The counter-argument is that access to the compute we need to enjoy many if not most of the benefits of AI is rapidly becoming much less expensive and will soon be accessible at a far lower cost economically and environmentally.
The future of AI, the argument goes, is not one in which the models we interface with most often are situated in the cloud and reliant upon large, energy-hungry data centres. Instead, it’s one in which most of the processing is done on board our personal devices, like our phones or laptops, on a company’s local server, or a rack of servers at a university or an internet service provider.
And this isn’t a matter of pure speculation. The evidence pointing in this direction is mounting. Though, to be clear, we will still need larger models and data centres for some things. The question is how many.
The devices most of us own are capable of handling locally much of the AI processing we might want to do. Gartner forecast last year that AI-capable PCs, or computers that can run language models on device rather than in the cloud, would represent more than half of all PC shipments by the end of 2026. More recent figures are hard to come by, but most of the phones and laptops now available from Apple and Microsoft, along with other brands, tout their capacity for on-board AI processing.
A further line of evidence comes from the rapid improvement in what are called small language models, or SLMs. These are AI models compact enough to run on a laptop or a local server without sending anything to the cloud. For years, the working assumption in AI was that bigger models meant better results; the more computing power behind a model, the more capable it would be. But that assumption has been breaking down . Microsoft’s Phi-4, Google’s Gemma 3, and Meta’s Llama 3.3 — all open-source models that can run locally on modest hardware — now match or approach the performance of frontier cloud models like ChatGPT 4o on the tasks that make up most of what businesses do with AI, such as analyzing, editing, or generating text. The gap that once justified routing everything through a large cloud data centre has narrowed significantly on most everyday tasks, and it continues to narrow.

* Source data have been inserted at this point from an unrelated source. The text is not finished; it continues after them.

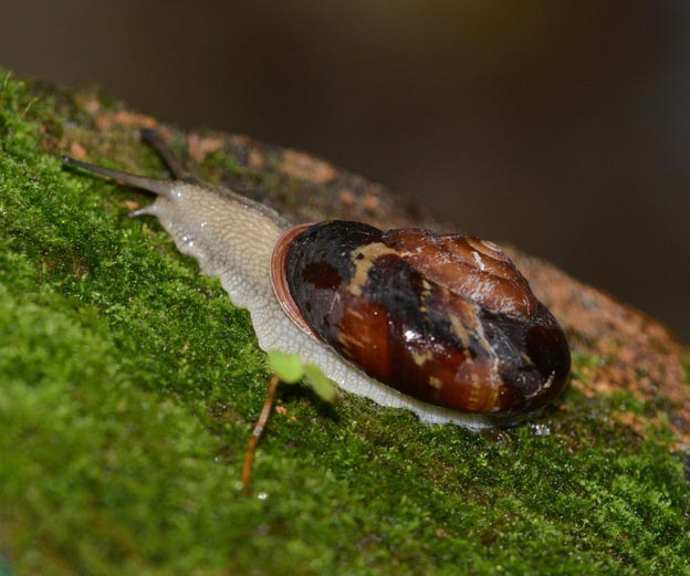 下の写真は、山の中を歩いているヤマタニシです。目がつのの付け根付近にあることと、殻が後ろの背中側に乗っているのがわかります。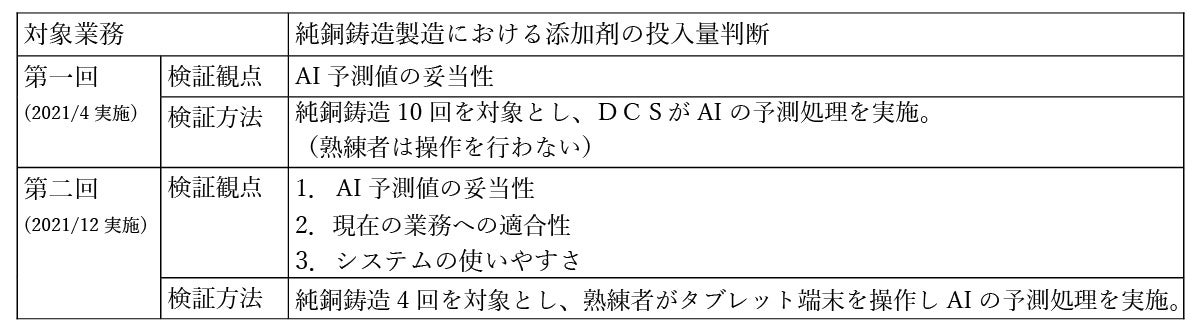 実際に純銅鋳造を行い、添加剤の投入量に関してAIの予測と熟練者の判断を比較します。熟練者は、AIの予測値に問題がないと判断した場合、AIの予測値通りに添加剤を投入します。
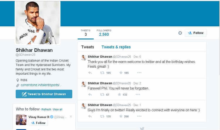 यहां सभी लोगों से जुड़कर मैं रोमांचित हूं. इस संदेश को 133 बार री ट्वीट किया गया जबकि 205 बार फेवरेट बनाया गया. शुरुआती कुछ दिनों में ही धवन के 2400 फालोअर्स बन गये हैं.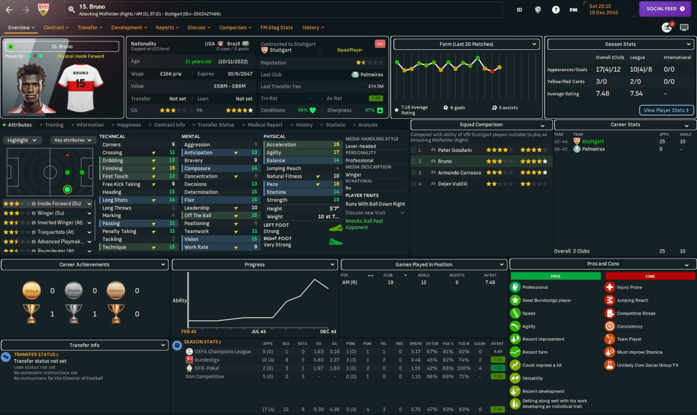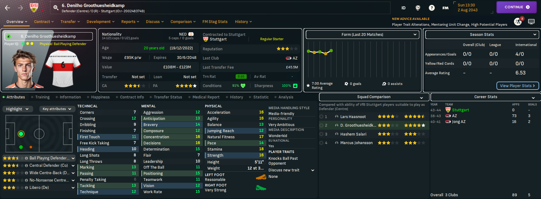 A key area Rasamu wanted to strengthen was up front and he got his main target Peter Goodwin for £38.5m from Southampton. Joining him was another exciting defender Denilho Grootheusheidkamp for up to £45.5m from AZ, 18-year-old holding midfielder Gabriel Rancati for £26m from SPAL and backup striker Guido Araujo for £2.5m from Aldovisi.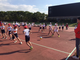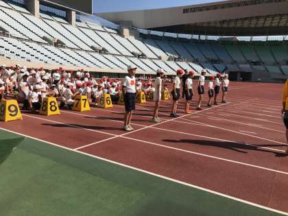 児童は世界陸上の舞台にもなったフィールドで全力で走り、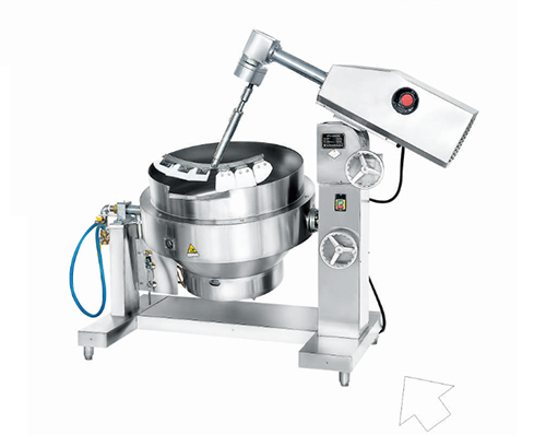 原理:1.接觸食品部分采用SUS304不銹鋼制作; 2.設備帶溫控、保溫、加熱及攪拌; 3.攪拌功率5.5KW,攪拌速度9-18r/min可調;
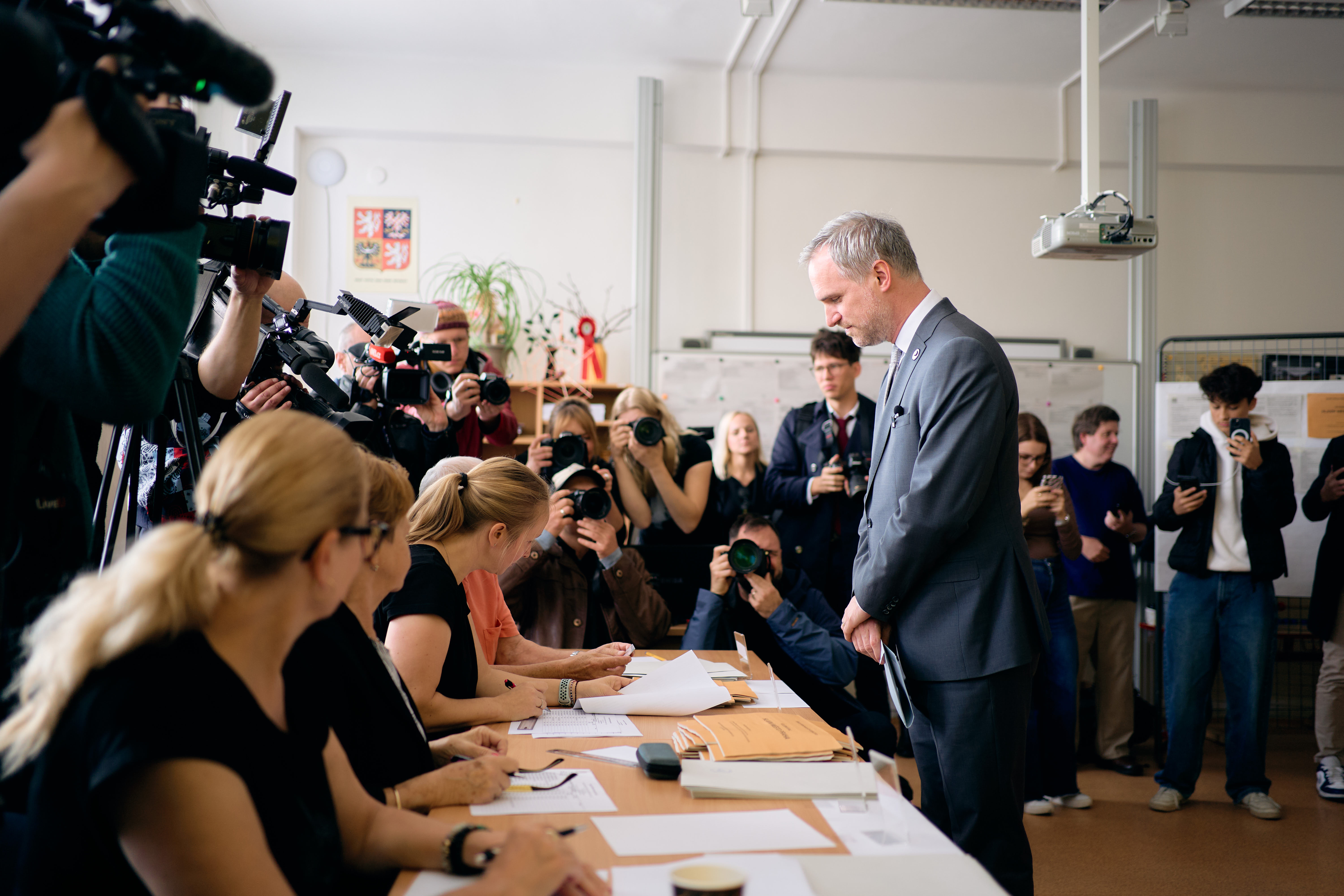 OBRAZEM: Volby v plném proudu: Pavel očekává krušná vyjednávání, Babiš volil v Ostravě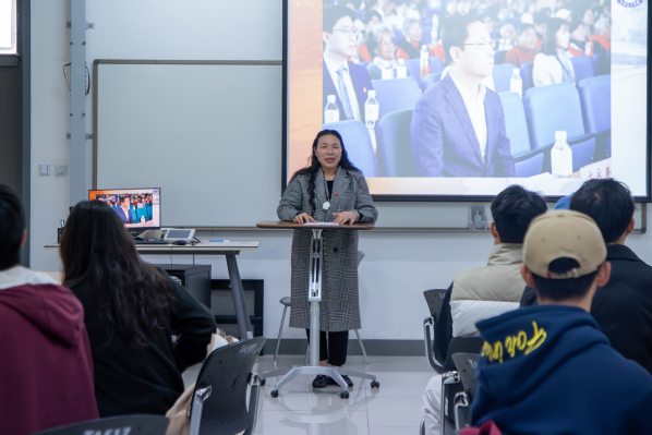 刘爱民讲述了身处新时代如何做挺膺担当的合格党员。她讲述了星河志愿服务队中两位70多岁的高龄志愿者数年如一日坚守付出的感人经历,只因一句“我们是党员”。她指出,党员的初心并不需要任何华丽的辞藻来修饰,只需要朴实的语言,并献出自己的一份爱心就足够了。她鼓励积极分子们做好每件平凡的小事,就可以创造出不平凡的成就。随后,刘爱民又引用了矿井塌方,党员矿工身先士卒寻找出路,最终使全员获救的故事,讲述了党员的先锋带头作用,告诫积极分子们要践行人民利益至上,全心全意为人民服务的宗旨,发扬“爱人民”的精神,并将这些精神传承下去。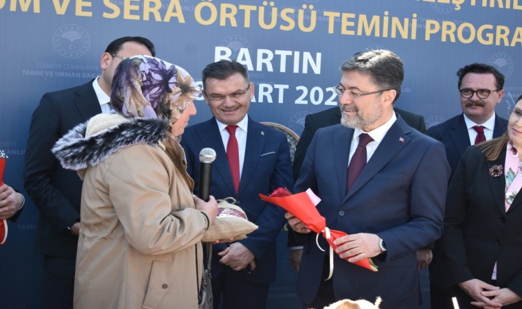 Bartın Tarım İl Müdürlüğü yerleşkesinde Tarım Arazilerinin Kullanımının Etkinleştirilmesi (TAKE) Projesi Tohum ve Sera Örtüsü Temini Programı çerçevesinde aralarında kadınların da bulunduğu 10 çiftçiye ata tohumu ve sera örtüsü dağıtıldı. Programa katılan Tarım ve Orman Bakanı İbrahim Yumaklı, ata tohumu kullanımın yasaklandığı iddialarına cevap verdi. Sertifakalı tohum kullanımı konusundaki ısrarlı tutumun yanlış anlaşıldığını belirten Bakan Yumaklı, ’’Birçok konuda olduğu gibi gıda arz güvenliğini sağlamak da birinci önceliğimiz olmak durumunda. Çünkü eğer tohumunuz yoksa siz üretimi başlatamazsınız. Savunma sanayiinde, teknolojide ya da diğer sektörlerde olduğu gibi tohumda da istikbalinize dönük taahhütlerinizi yerine getirmek istiyorsanız bağımsız olmak durumundasınız. Türkiye, bu konuda dünyada ilk 10 ülke arasında. Genelde doğru bilinen yanlışlar vardır. Bu da onlardan bir tanesi. Türkiye’de üretilen yerli ve milli tohumlarımız var. Kullanılan tohumların yani yüz birimlik tohumun 97 birimi bu ülkenin topraklarında üretiliyor. Tohumlarla alakalı çok araştırma geliştirme yapan kurumlarımız var. Ama aynı zamanda son dönemde özel sektörün de ciddi bir başarısı var. Tohumlarla ilgili söyleyebileceğimiz diğer önemli şeylerden bir tanesi de bunların sertifikalı tohum olması. Bu konudaki ısrarımız zaman zaman yanlış anlaşılıyor ve ata tohumlarının yasaklandığıyla ilgili zaman zaman tezviratlarda bulunuluyor. Bu doğru değil arkadaşlar’’ dedi.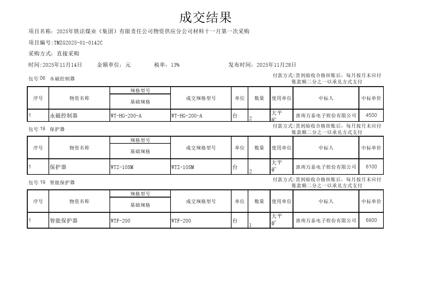 2025年11月14日材料直接采购成交结果公告(0142C)2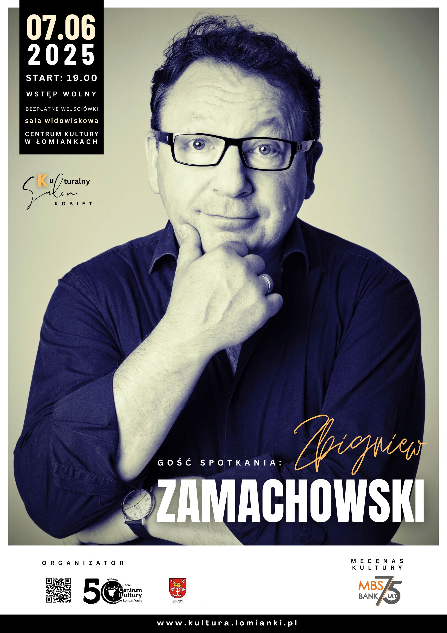 Centrum Kultury w Łomiankach serdecznie zaprasza na kolejne spotkanie w ramach cyklu "Kulturalny Salon Kobiet". Gościem i rozmówcą będzie Zbigniew Zamachowski – wybitny aktor teatralny i filmowy, autor tekstów, kompozytor, artysta wszechstronny, którego talent i charyzma od lat zachwycają zarówno widzów teatralnych, telewizyjnych, jak i kinowych.
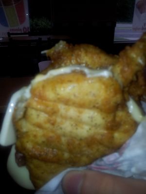 Das ist der KFC Double Down, bestehend aus 2 panierten Chicken-Filets als Brötchenersatz, Käse und Bacon dazwischen, garniert mit einer Sauce.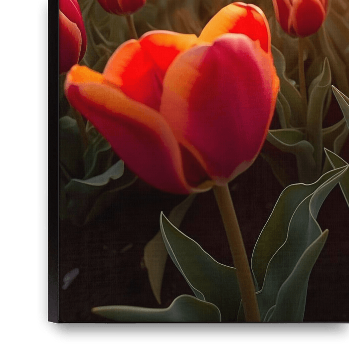 Tulip field netherlands painting with a beautiful and unique style. With beautiful colour tones and a unique design, this makes a stylish photo print that looks great in any room. 100% unique and original!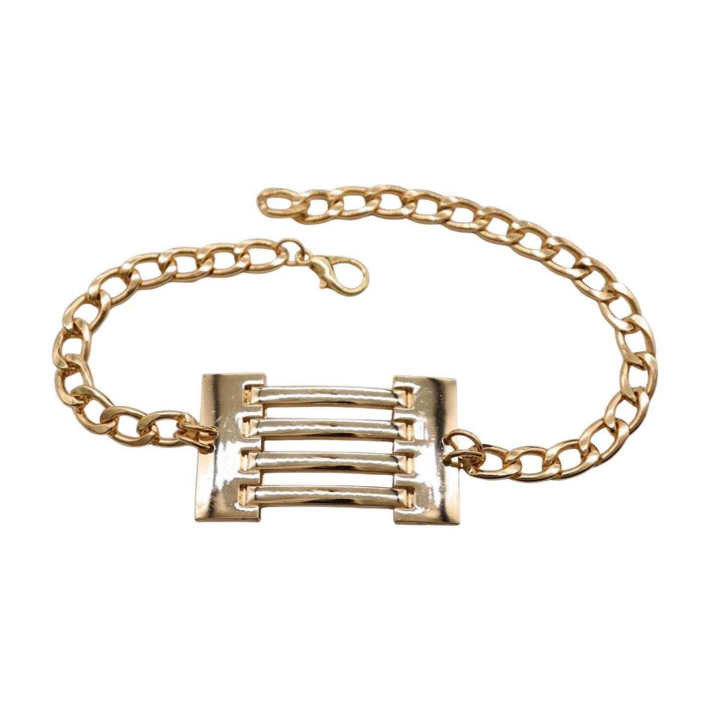 Bold Ladder-Plate Charm: Polished gold-tone plate with chunky curb chain = instant western glam that photographs beautifully.

Companies have good reasons to make the switch to SLMs. Without having to make a round trip to a remote server, local models respond faster. They keep data on the premises. They’re much cheaper the more processing you do. And they can be adapted to a firm’s special use cases. Tuning a small model on a few hundred domain-specific examples can lead to it out-perform large, frontier models on certain tasks.
Deloitte’s 2026 Tech Trends report forecasts that over 40 per cent of enterprise AI workloads will migrate to these smaller, locally-run models by 2027, on the basis that 80 per cent of what businesses actually do with AI — sorting, summarizing, or extracting data — doesn’t require the largest models at all. That’s probably too optimistic, but it points in a direction that things could go for many users in the near future. And if so, it calls into question the government’s assumption that Canadians will need greater access to large centralized cloud infrastructure to remain competitive in the AI economy.
One company we may be hearing more about here is Apple. The story most of us have heard over the last year or so is that Apple missed the boat on AI. It hasn’t developed its own frontier model. Its roll out of Apple Intelligence was a flop, and it has now been sidelined in the race to develop AI.
But Apple has been active on another front that may make it a central player in the near future of AI.
It has been moving in a different direction from most of the chip industry for a number of years by designing chips that integrate the central processor, memory, and graphics card all on a single component, rather than relying on separate parts that introduce latency and constrain performance. In recent years, culminating in the current M5 and (soon M6) chips, Apple silicon has become fast enough that a Mac Mini or MacBook Pro equipped with these chips and a generous amount of RAM can run a sizable open-source language model at speeds that are rapidly increasing year over year — and capable of doing many of the things most people want to do with AI.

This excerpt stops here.